The woman you invested so much time in was dishonest, cowardly and selfish to have treated you the way she did. I wish you had mentioned why the two of you hadn’t married in the 15 years you were together. But, my friend, you dodged a bullet. A psychotherapist will help you to realize how lucky you are.

Dear Abby: My brother-in-law recently moved near us.
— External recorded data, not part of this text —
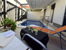 Petite résidence. À 500 m du centre de Trogir, situation tranquille, ensoleillée, à 400 m de la mer, à 900 m de la plage, dans une impasse. A usage privé: piscine rectangulaire (4 x 3 m, profondeur 150 cm, disponibilité saisonnière: 01.Mai. - 01.Oct. horaires d'ouverture de la piscine: 08:00-22:00) avec marches intérieures. Infrastructures de la Maison: accès internet. Place de parking près de la maison. Magasins 500 m, supermarché 400 m, restaurant, café 500 m, plage de graviers 900 m. Terrain de golf 30 km, tennis 4 km. Veuillez noter: place d'amarrage privée (en sus) sur demande. Aéroport 6 km de la maison. Environnement très sensible au bruit. Silence et bonne tenue exigés. Piscine hydromassage.Interior
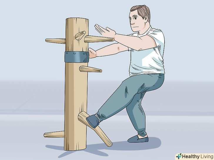 Освойте Мук Ян Чонг. Мук Ян Чонг (або «дерев'яний манекен») — це вдосконалена форма, щоб практикуватися на нерухомому супернику (дерев'яному манекені). Це допоможе вам визначити і зрозуміти, як рухи рук і ніг контактують з противником.- Оскільки манекен нерухомий, корективи в форму слід вносити відповідно до тренажером.
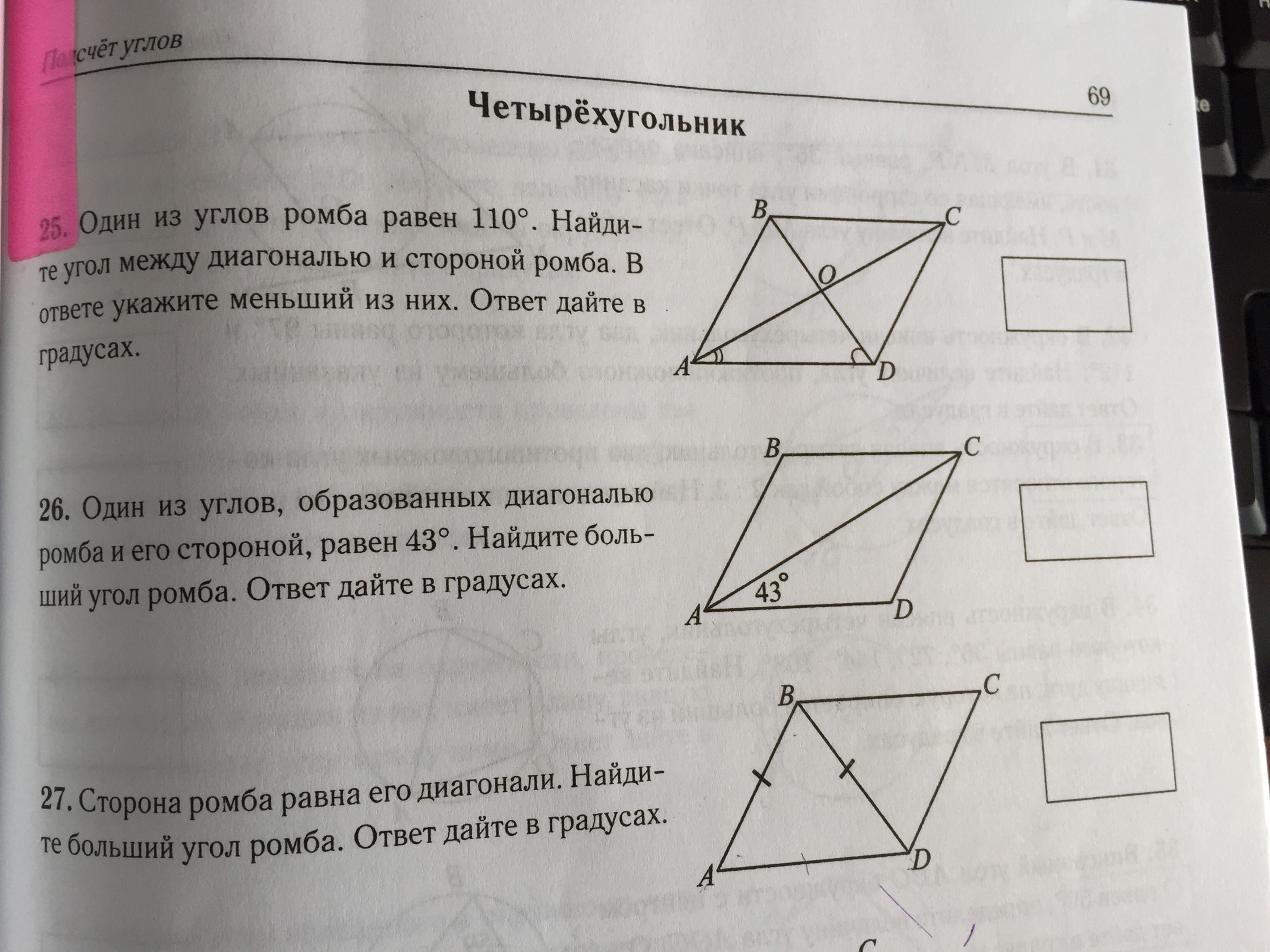 Один из углов ромба равен 110°. Найдите угол между диагональю и стороной ромба. В ответе укажите меньшее из них. Ответ дайте в градусах.
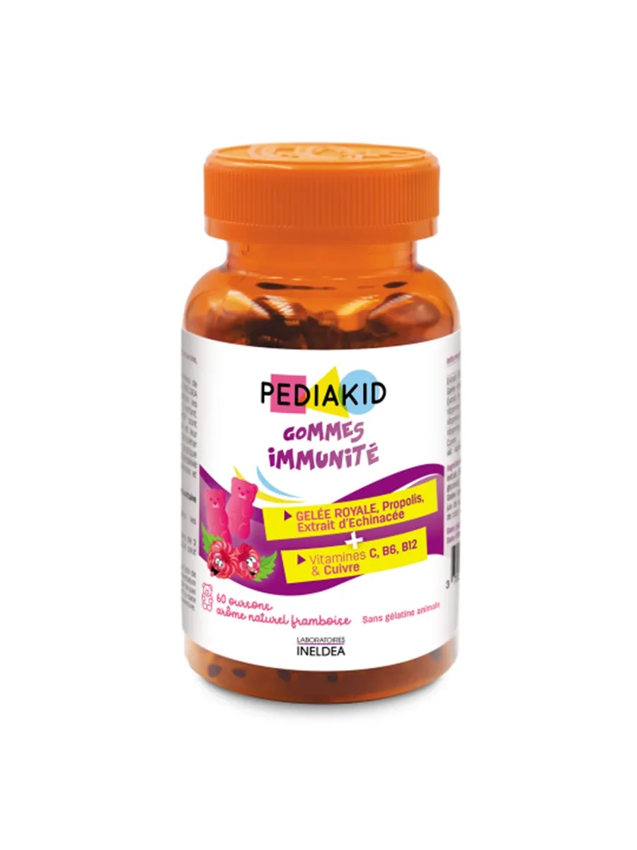 Propolis, a resinous substance produced by bees, has bactericidal properties. To help strengthen children's immunity, Pediakid has developed a food supplement, Pediakid Gommes Immunité, in the form of gummy bears and with raspberry flavor! These chewable multivitamins, presented in toy form, are a favorite among children and their parents.
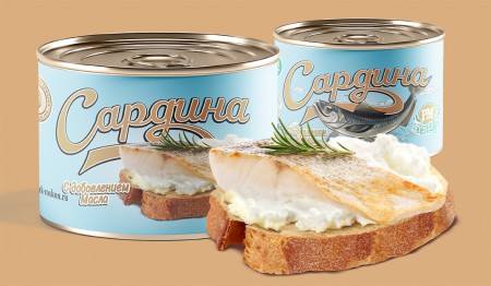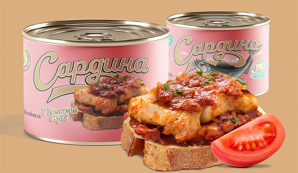 В категории рыбных консервов дизайны этикеток поделен на иллюстративные и фуд-зонированные. В новой этикетке для бренда Роскон совмещены два подхода: на одной стороне (фейсе) показана задающая настроение иллюстрация, на другой (бэке) манящая фуд зона с вариантом сервировки сардины.
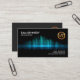 A sheet of shredded paper containing binary codes. A blue equilibrium wave line shoots through the papers to find a balance in the calculations. A creative representation of the work of a data scientist. Your name and job title are at the top left corner of the card. Diagonally across near the card's floor are where all your contact details are located. Northwards, you have an optional faux gold icon logo. Overleaf in a dark grey background, you have all the card's information at the right wall. At the top is the familiar faux gold icon logo, followed by the business details and your optional slogan to personalise your card. This is a strong, simple, concise card. Designed to impress, to make you stand out when you make a business presentation. A card solely for those dealing with data research or just about anyone who fancies a good blue wave.
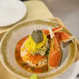 After eating toast, eating tea-soaked rice is quite refreshing🍵, crab meat strips, egg strips and salmon seeds plus crab paste spread all over the rice🤤, there are crab legs for you to peel, great value for money🤑.
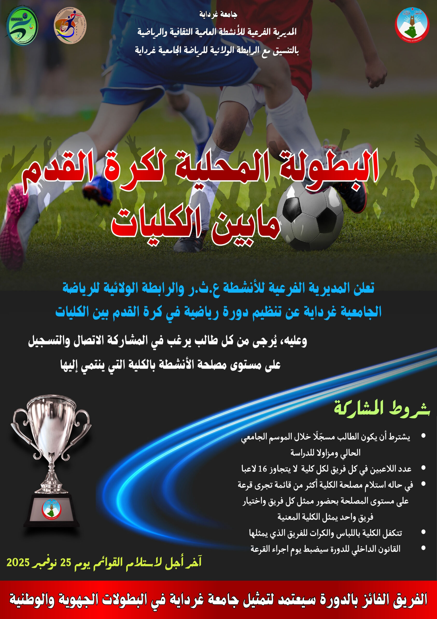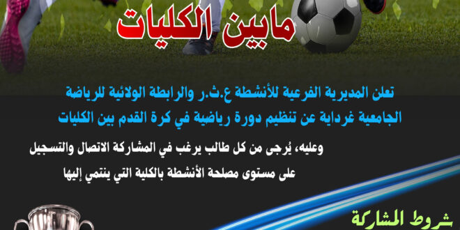 البطولة المحلية لكرة القدم ما بين الكليات 20 نوفمبر 2025 إعلانات, المديرية الفرعية للأنشطة العلمية والثقافية والرياضية, مقالات مميزة 11 زيارة البطولة المحلية لكرة القدم ما بين الكليات Red Black and White Dynamic Volleyball Championship Instagram Poتنزيل شاركها Facebook Twitter LinkedIn
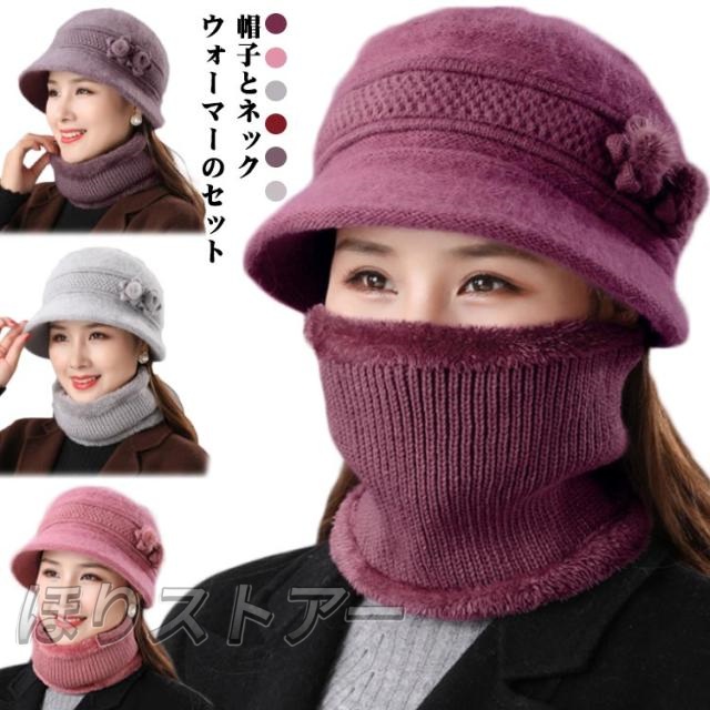 帽子とネックウォーマーのセット レディース ニット 帽子 バケット ハット 婦人帽 おばあちゃん 防寒 防風 秋冬 ふわふわ 折りたたみ エレガント カジュアル 祖母 母 自転車 アウトドア プレゼント

He never misses a chance to brag about what he has. We are all retired and living well, but comparisons are made. He has even referenced our kids “needing” their inheritance, while his kids don’t “since they have great jobs.”

I’m close to my sister and happy to have her nearby, but I’m unsure how to handle her spouse. I try to minimize my time with him and ignore him when he speaks. My husband wants nothing to do with him, and I don’t blame him. I don’t want to cause a rift between my sister and me. — Dealing With A Narcissist

Dear Dealing: There are two ways to handle this. The first would be to recognize that people who feel the need to do what your brother-in-law has been doing usually do it out of insecurity. The second would be to tell your sister how her husband’s remarks affect you and your husband — and that if he doesn’t knock it off, they’ll be seeing a lot less of you. Then let her handle it.